Amigos do Fingidor

quinta-feira, 2 de maio de 2013

Paraíso, caridade e hospitais na Europa medieval 1/2


João Bosco Botelho

 

Hospitalários de São João, Antoninos e Espírito Santo


A etimologia de paraíso tem ligação com paradaiza, do persa, que originou pardes, no hebreu, e paradeisos, no grego, significando jardim. Sem dúvida, não um jardim qualquer, mas retratando o lugar pleno de conforto e prazeres.

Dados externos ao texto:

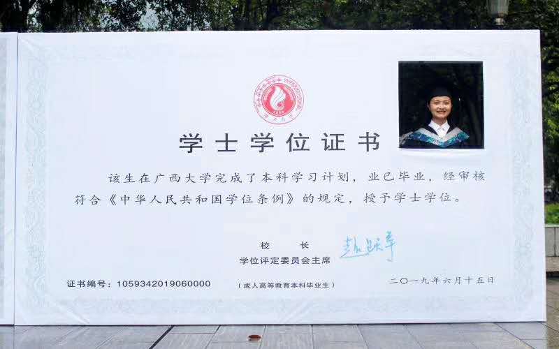 在隨后進(jìn)行的學(xué)位授予儀式上,繼續(xù)教育學(xué)院院長(zhǎng)蘇兆成宣讀了關(guān)于授予廣西大學(xué)成人高等教育本科畢業(yè)生成人高等教育學(xué)士學(xué)位的決定,寧旭初總會(huì)計(jì)師逐一為畢業(yè)生代表?yè)芩胝趫?zhí)“撥穗禮”,頒發(fā)學(xué)位證書(shū)并與同學(xué)合影。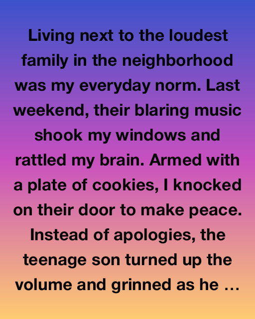 Living next to the loudest family in the neighborhood was my everyday norm. Last weekend, their blaring music shook my windows and rattled my brain. Armed with a plate of cookies, I knocked on their door to make peace. Instead of apologies, the teenage son turned up the volume and grinned as he playfully swayed to the rhythm.

Cipriano, no século 3, destacou-se na primeira concepção cristã de eternidade com bem-aventurança, plena de fartura e felicidades: “Uma terra luxuriante, na qual os campos verdejantes estão cobertos de plantas nutritivas e guardam intactas suas flores perfumadas”. Na mesma linha, São Pedro Damião, no século 11, adicionou o pressuposto de que no paraíso, não existiria a miséria presente no medievo: “Não vemos mais nem lama, nem lodo, nem contágio. Aqui, o horrível inverno não castiga mais, nem o tórrido verão. A floração contínua de rosas cria uma primavera perpétua”. 

Atentos ao protestantismo que recusava as idéias de um paraíso materializado, os teóricos do Concílio de Trento (1545-1563) iniciaram o processo para adicionar obrigações que justificassem o acesso à bem-aventurança após a morte, com destaque à participação laica na graça santificante.

Os cristãos uniram as determinações conciliares à caridade, para garantir as delícias do paraíso, após a morte. Com a aquiescência da Igreja, entenderam que a ajuda prestada aos enfermos desamparados, com certeza, contaria créditos para que fossem esquecidas, no Julgamento Final, as injúrias e crimes cometidos durante a vida, não importando quantos malefícios tivessem causado.

Sem que os teóricos trentinos tivessem especificado como seria a ajuda aos doentes, o senso comum firmou duas alternativas: abrigar os doentes nos castelos ou agrupá-los em instituições administradas pela Igreja. A primeira, presente nas canções de cavalaria, foi discretamente rejeitada pelos senhores feudais, temerosos da contaminação pelas doenças infecciosas, em especial, a lepra e a peste. Então, só para os ricos, a segunda tornou-se instrumento para alcançar o paraíso por meio das generosas contribuições para construir os L’Hôtel de Dieu (Hotel de Deus) e os Xenodochium pauperum, debilium et  infirmorum (Hospital  dos pobres, dos fracos e dos  enfermos) e manter longe os pestilentos.

Como os donativos somaram quantias inimagináveis – afinal, os abastados desejavam as delícias do paraíso depois da morte –, tornou-se necessário criar novas ordens religiosas para administrar a fortuna e os novos hospitais. Entre as mais importantes, destacaram-se os Hospitalários de São João, Antoninos e Espírito Santo, que atuaram intensamente em vários reinos europeus, em especial em Portugal, onde os avanços sociais e políticos contra os dogmas eclesiásticos medievais foram muito mais tardios se comparados aos reinos da França, Itália e Inglaterra.